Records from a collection
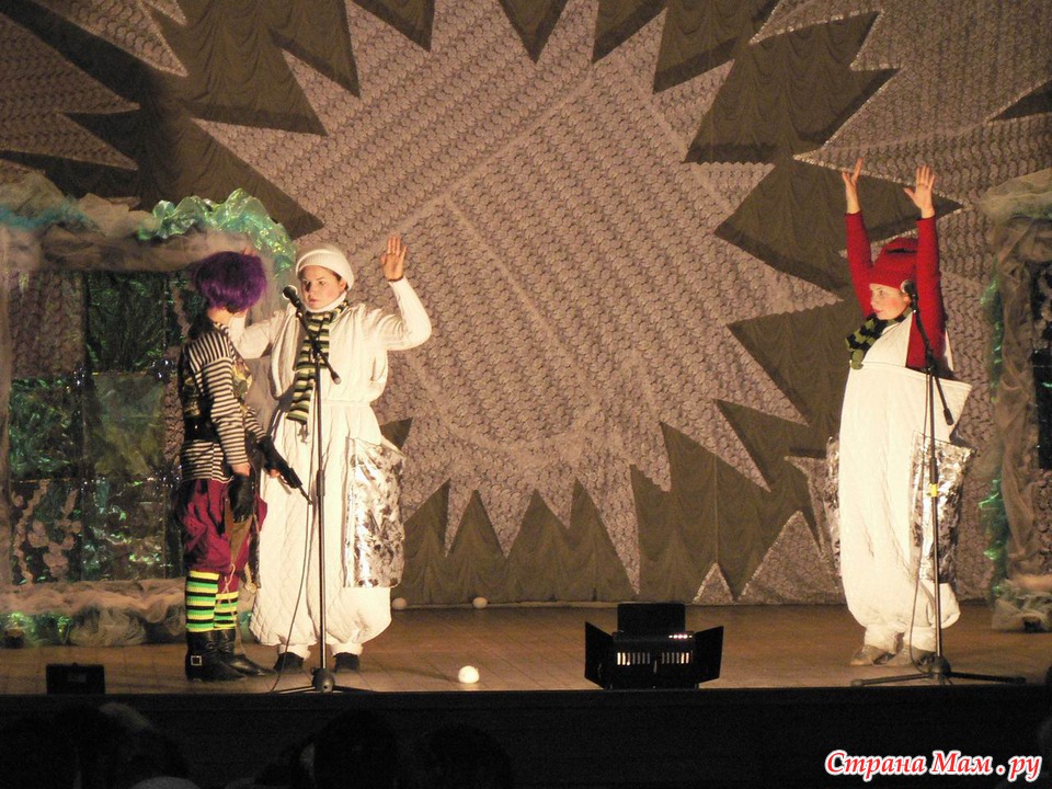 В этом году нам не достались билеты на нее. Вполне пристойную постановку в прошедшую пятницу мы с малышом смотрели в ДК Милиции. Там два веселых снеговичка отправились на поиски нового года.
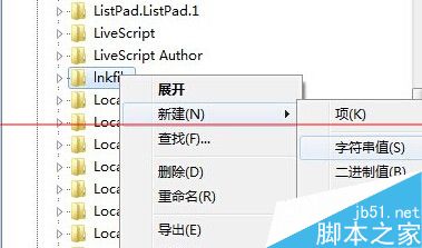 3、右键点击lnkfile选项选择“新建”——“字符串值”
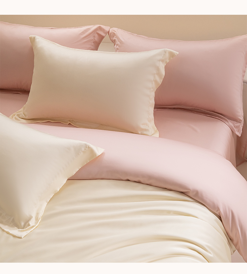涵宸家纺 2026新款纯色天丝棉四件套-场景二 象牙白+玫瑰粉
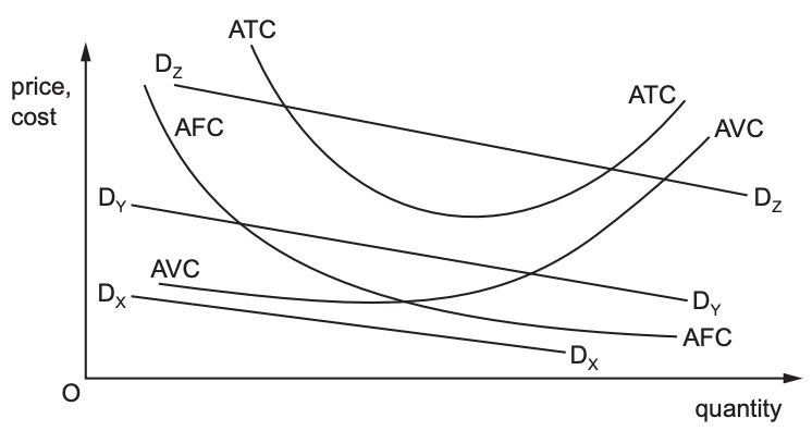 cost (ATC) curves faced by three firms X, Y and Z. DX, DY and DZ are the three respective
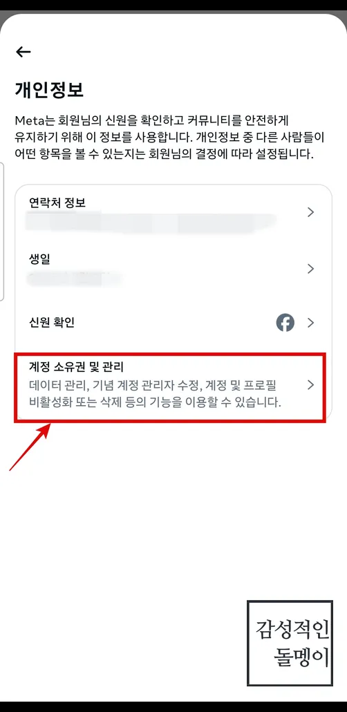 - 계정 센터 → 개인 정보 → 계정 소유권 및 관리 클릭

## Work instructions
Omitting all pictures, restate word for word the lines from the one containing "涵宸家纺 2026新款纯色天丝棉四件套-场景二 象牙白+玫瑰粉" through the last line of the data.

## Task result
涵宸家纺 2026新款纯色天丝棉四件套-场景二 象牙白+玫瑰粉
 cost (ATC) curves faced by three firms X, Y and Z. DX, DY and DZ are the three respective
 - 계정 센터 → 개인 정보 → 계정 소유권 및 관리 클릭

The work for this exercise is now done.